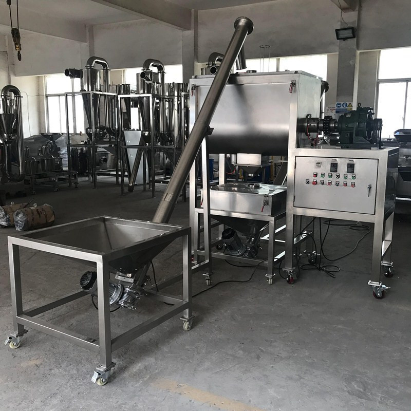 c: Linia produkcyjna: Mieszalnik dwuwstęgowy może współpracować z przenośnikiem ślimakowym, lejem zasypowym i napełniaczem ślimakowym, tworząc linie produkcyjne.
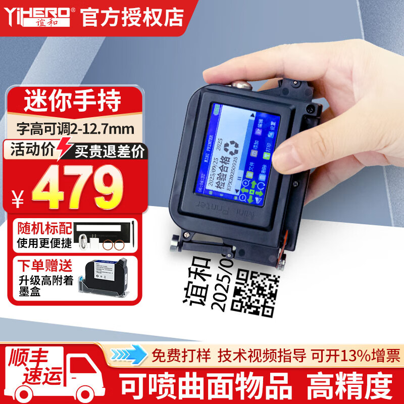 880元誼和手持噴碼機(jī)CH10全自動(dòng)流水線生產(chǎn)日期打印機(jī)CH1A便攜式智能小型紙箱塑料包裝袋條碼二維碼圖標(biāo) CH600字高2-25.4mm【送原裝黑色墨盒】京東 2k
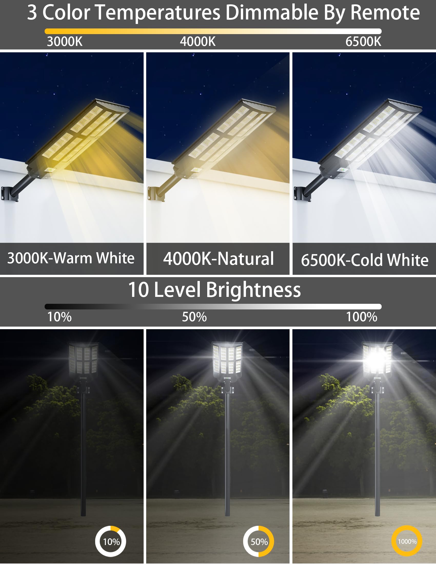 - This solar powered parking lot lights offer 3 color temperature to adjust. Using remote choose the mode you want.
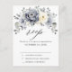 Silver Grey Ivory Floral Winter Wedding RSVP Postcard
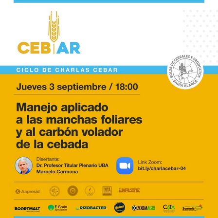 Esta vez sobre ‘Manejo aplicado a las manchas foliares y al carbón volador de la cebada’ hablará el Dr. Profesor Titular del Plenario de la Universidad de Buenos Aires Marcelo Carmona.

[What to work on] Exclude the pictures, then retype every record exactly.

[Answer for the task]
 c: Linia produkcyjna: Mieszalnik dwuwstęgowy może współpracować z przenośnikiem ślimakowym, lejem zasypowym i napełniaczem ślimakowym, tworząc linie produkcyjne.
 880元誼和手持噴碼機(jī)CH10全自動(dòng)流水線生產(chǎn)日期打印機(jī)CH1A便攜式智能小型紙箱塑料包裝袋條碼二維碼圖標(biāo) CH600字高2-25.4mm【送原裝黑色墨盒】京東 2k
 - This solar powered parking lot lights offer 3 color temperature to adjust. Using remote choose the mode you want.
 Silver Grey Ivory Floral Winter Wedding RSVP Postcard
 Esta vez sobre ‘Manejo aplicado a las manchas foliares y al carbón volador de la cebada’ hablará el Dr. Profesor Titular del Plenario de la Universidad de Buenos Aires Marcelo Carmona.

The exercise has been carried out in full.